Former AG candidate Abraham Hamadeh asks Arizona Supreme Court for new election trial
Aug 5, 2023, 12:30 PM
(Getty Images File Photo)
PHOENIX — Republican Attorney General candidate Abraham Hamadeh lost to Democrat Kris Mayes in the state’s 2022 election. However, he filed an official request for a new election trial to the Arizona Supreme Court on Friday, arguing 9,000 votes weren’t counted.
It’s not the first time he’s gone to court. Mohave County Superior Court Judge Lee Kantzen previously threw out Hamadeh’s challenge of the election results in 2022.
The 2022 election was one of the closest in the state’s history. Mayes won with 511 votes ahead of Hamadeh out of 2.5 million votes in total. However, an automatic recount determined Mayes was in fact only 280 votes ahead of Hamadeh.
Six months after Jantzen threw out his challenge, Hamadeh filed another request for a trial. However, Jantzen turned the bid down in mid-July.
Why is Hamadeh filing a third request for a new election trial?
Hamadeh’s most recent filing claims Jantzen acted improperly by limiting how much time his team had to prepare their legal arguments.

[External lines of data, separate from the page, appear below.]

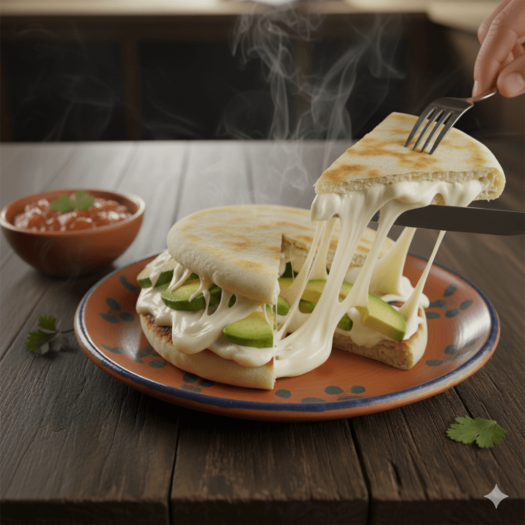 El bocado venezolano o colombiano que te salva el día. Una arepa de maíz dorada y crujiente, rellena de queso fresco derretido y aguacate cremoso. Un plato potente para cualquier hora.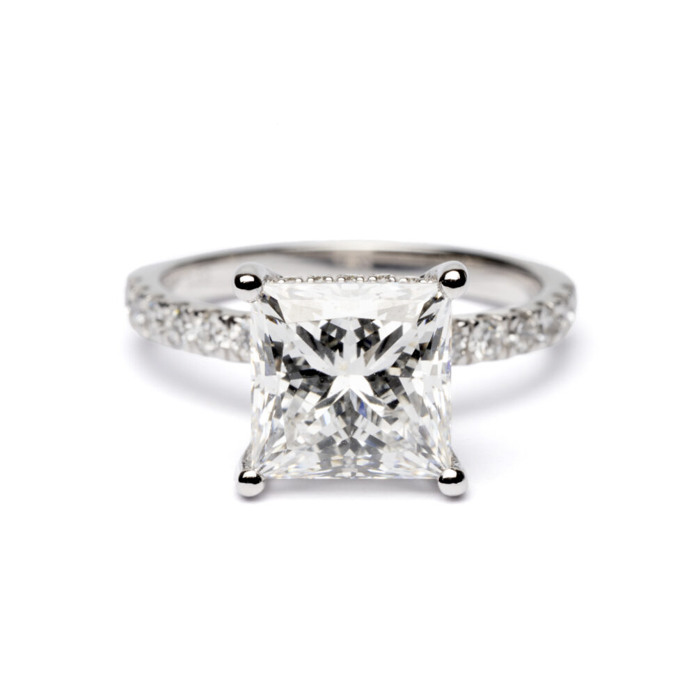 • Center Stone: 3.00ct lab-grown princess cut diamond — brilliant, contemporary and ethically sourced.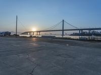 A stunning view of the iconic Golden Gate Bridge in San Francisco during the evening. The bridge stands tall and majestic, connecting the city with the rugged coastal landscape. The sun is visible, casting a warm and sunny glow on the city and the surrounding water.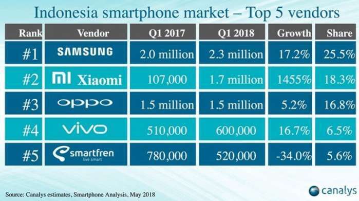 印尼市場智能手機(jī)市場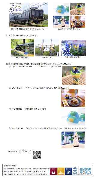 NEWS RELEASE 2021年 9月21日 〜観光特急「青の交響曲(シンフォニー)」運行開始5周年記念 第2弾〜 吉野線観光キャンペーンを実施します 近鉄では、「上質な大人旅」をコンセプトに大阪阿部野橋〜吉野間で運行している観光特急「青の交響曲(シンフォニー)」が2021年9月10日(金)に運行開始から5周年を迎えたのを機に、記念グッズの発売等に続く第2弾として、10月1日(金)から11月30日(火)までの間、吉野線沿線の社寺や店舗と共同で、飛鳥・吉野エリアの魅力を発信するキャンペーンを行います。 この機会に歴史や風景、食べ物など魅力あふれる吉野山や、古代ロマンあふれる飛鳥へ、観光特急「青の交響曲(シンフォニー)」に乗ってお出かけいただければと考えています。 【キャンペーン内容】 1.沿線社寺の装飾などのおもてなし ・岡寺 青の手水舎 ・吉野神宮 青の猪目お守り、青の手水舎 2.沿線店舗でのコラボメニュー発売 ・...pani (テンテンテンパニ) フルーツパフェ『青の交響曲』 ・CURRYON 『青のシンフォニー5周年記念カリオン特製鹿カレー』 ・中井春風堂 『青の吉野葛まんじゅう』 ・吉野山桜近藤 『青のシンフォニー5周年記念ブルーベリーのスペシャルソフトクリーム』 3.吉野ウェルカムキャンペーン 観光特急「青の交響曲(シンフォニー)」の特急券や記念乗車証のご呈示で対象店舗の特典が受けられます 4.観光特急「青の交響曲(シンフォニー)」運行開始5周年記念ツアー ・湯盛温泉「ホテル杉の湯」の“ロイヤルランチ”と日本遺産の「丹生川上神社上社」特別参拝 ・観光特急「青の交響曲(シンフォニー)」に乗って車庫めぐりと洗車体験&撮影会 【キャンペーンの概要】 1.実施期間 2021年10月1日(金)〜11月30日(火) 2.実施内容 (1)沿線社寺の装飾などのおもてなし 沿線の社寺で観光特急「青の交響曲(シンフォニー)」をモチーフにした手水舎の装飾やお守りで、お客さまをおもてなしします。 @岡寺 青の手水舎 「青の交響曲(シンフォニー)」の車体カラーに合わせ、青のビー玉で手水舎を彩りました。 アクセス 橿原神宮前駅→バス「岡寺前」下車徒歩約10分 公式Instagram https://www.instagram.com/okadera3307/ A吉野神宮 青の猪目お守り 「青の交響曲(シンフォニー)」の車体カラーである青色と金色の水引を使った、このキャンペーン限定の猪目お守りです。 青の手水舎 「青の交響曲(シンフォニー)」の車体カラーである青色・金色や水色の折り鶴で彩りました。 アクセス 吉野神宮駅→徒歩約20分 公式Instagram https://www.instagram.com/yoshino_jingu/ ※各社寺の装飾は、時期によって予告なく変更することがあります。 (2)沿線店舗での観光特急「青の交響曲(シンフォニー)」とのコラボメニュー 沿線の店舗で観光特急「青の交響曲(シンフォニー)」をモチーフにした限定コラボメニューで、お客さまをおもてなしします。 @...pani(テンテンテンパニ) フルーツパフェ『青の交響曲』 価 格 1,000円(税込) 商品内容 「青の交響曲(シンフォニー)」の列車をイメージした特製フルーツパフェ。車体カラーの「青」色をブルーベリーで、ラインの「金」色を奈良の旬の柿で、車輪の形や座席の「緑」色をキウイでイメージしました。 ※イメージ色の3つのフルーツは必ず使用いたしますが、他のフルーツ等は仕入れ状況により異なります。 ※数量限定販売のため売切れ次第終了 アクセス 飛鳥駅下車すぐ 公式Instagram https://www.instagram.com/pani_asuka/ ACURRYON 『青のシンフォニー5周年記念カリオン特製鹿カレー』 価 格 2,000円(税込) 商品内容 じっくり煮込んだ野菜や果物、柔らかく臭みのない鹿肉をワインと数種類のスパイスで掛け合わせた「鹿カレー」。「青の交響曲(シンフォニー)」の車体カラーである青×金をイメージしています。三種の小皿・サラダ・デザート付き。 アクセス 橿原神宮前駅または飛鳥駅→バス「万葉文化館西口」下車すぐ (万葉文化館内) 公式Instagram https://www.instagram.com/curryon_asuka/ B中井春風堂 『青の吉野葛まんじゅう』 価 格 1個160円(税込) 商品内容 秋の味覚「安納芋」の餡を、青く染めた葛生地で包み、表面に金箔を飾ったちょっと贅沢な葛まんじゅう。見た目と味のギャップが楽しい。夏のような爽やかな青色ですが、口の中には秋の香りが広がります。 ※仕入れの都合により早期終了する場合があります。 アクセス 吉野駅→ロープウェイ吉野山駅下車→徒歩約10分 公式HP http://nakasyun.com/ C)吉野山桜近藤 『青のシンフォニー5周年記念ブルーベリーのスペシャルソフトクリーム』 価 格 380円(税込) 商品内容 昔ながらのバニラソフトに自家製ブルーベリーソースをたっぷりかけたスペシャルソフトクリーム。ブルーベリーは吉野山産。カップは、「青の交響曲(シンフォ二ー)」5周年と吉野山桜近藤のコラボロゴ入り。 アクセス 吉野駅下車すぐ 公式HP https://yoshino-kondo.jp/ (3)吉野ウェルカムキャンペーンの実施 5周年記念キャンペーンの期間中、観光特急「青の交響曲(シンフォニー)」を利用して吉野山へお越しいただいたお客さまを対象に、「吉野ウェル

His Friday filing also argues that Jantzen’s time limit made it harder for his team to find evidence of voters’ ballots not being tabulated.
“We just filed a special action with the AZ Supreme Court asking for a new trial,” Hamadeh said in a video on his Twitter page.
“We found evidence that was being withheld from us from Katie Hobbs and from other counties that didn’t give us the evidence when we first had our trial back in December.” Hamadeh had previously made inaccurate claims about Gov. Hobbs’ role in the recount.
He claimed that political bias prevented justice.
“I’m a former prosecutor,” he said. “If I had done this to a criminal defendant, I would be disbarred.”